– На каких это? – нахмурился папа.
– На таких. Общественницах, для которых интересы коллектива превыше всего.
– Можно подумать, что выйти замуж – это прямо единственная достойная цель в жизни, – пробормотала Надя.
– А как ты думала? Мы с отцом не вечны, останешься одна, что будешь делать? Думаешь, пациенты твои тебе помогут? Да они через пятнадцать минут после выписки забыли, как тебя зовут и кто ты такая! На коллег надеешься? Типа коллектив большая дружная семья? Так оно верно ровно до тех пор, пока ты вкалываешь, как лошадь. Выйдешь на пенсию, все. Считай, что ты для своей дружной семьи сдохла. Кому надо со старухой возиться? Так и помрешь одна-одинешенька, если раньше твои подопечные сироты тебя не ограбят и не убьют.
Украдкой подмигнув Наде, папа попросил Люсю не рисовать столь зловещие перспективы.
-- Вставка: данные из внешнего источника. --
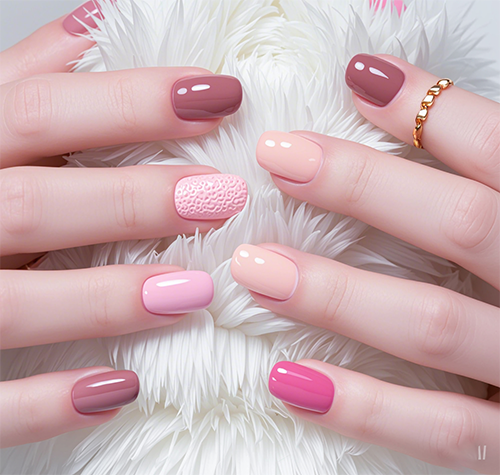 想要做出颜色通透的款式,可以试试这个方法。今年流行的贝壳片一般用透乳白或透浅粉来打底,最初我常常用底胶或者擦洗封层加色胶调出清透的颜色。

– А как ты хотел? Воспитал ребенка для сказки, а не для жизни, где она теперь мужика нормального найдет? Парни прекрасно чувствуют, какая девушка будет домом заниматься, а какая мечтать черт знает о чем.
– Ты уж определись, кто такие мужики, – засмеялся папа, – тупой скот, способный только жрать и размножаться, или же суперчувствительные экстрасенсы. А то у тебя то так, то эдак, и непонятно, как жить подрастающему поколению.
– Ишь ты, подловил! Свою выгоду даже животное чует! А ты воспитал детей! – Для убедительности тетя Люся обратилась к грехам и грешкам прошлого: – Дома пол не метен, а они таскаются по всему району, макулатуру собирают, чтобы школа первое место заняла. Всем, главное, плевать на эту макулатуру с высокой колокольни, притащили из дома пару газет, и ладно, одни твои дурачки стараются. Или где такое видано, отец сам себе носки штопает, а дочка сидит, шьет медведей идиотских для школы, общественную нагрузку выполняет.
– Для ярмарки солидарности, – Надя невольно улыбнулась, вспомнив, как радостно было ей шить этих медведей и как приятно потом, когда их раскупили почти так же быстро, как и непревзойденные кошелечки с бахромой от Ленки Ширяевой.
– Обязательное, между прочим, мероприятие, – заметил папа.
– Вот и нарисовала бы картинку за десять минут, чтобы отстали, как все нормальные дети, и все, а ты вместо этого занималась какой-то ерундой, когда могла бы отцу и брату белье починить.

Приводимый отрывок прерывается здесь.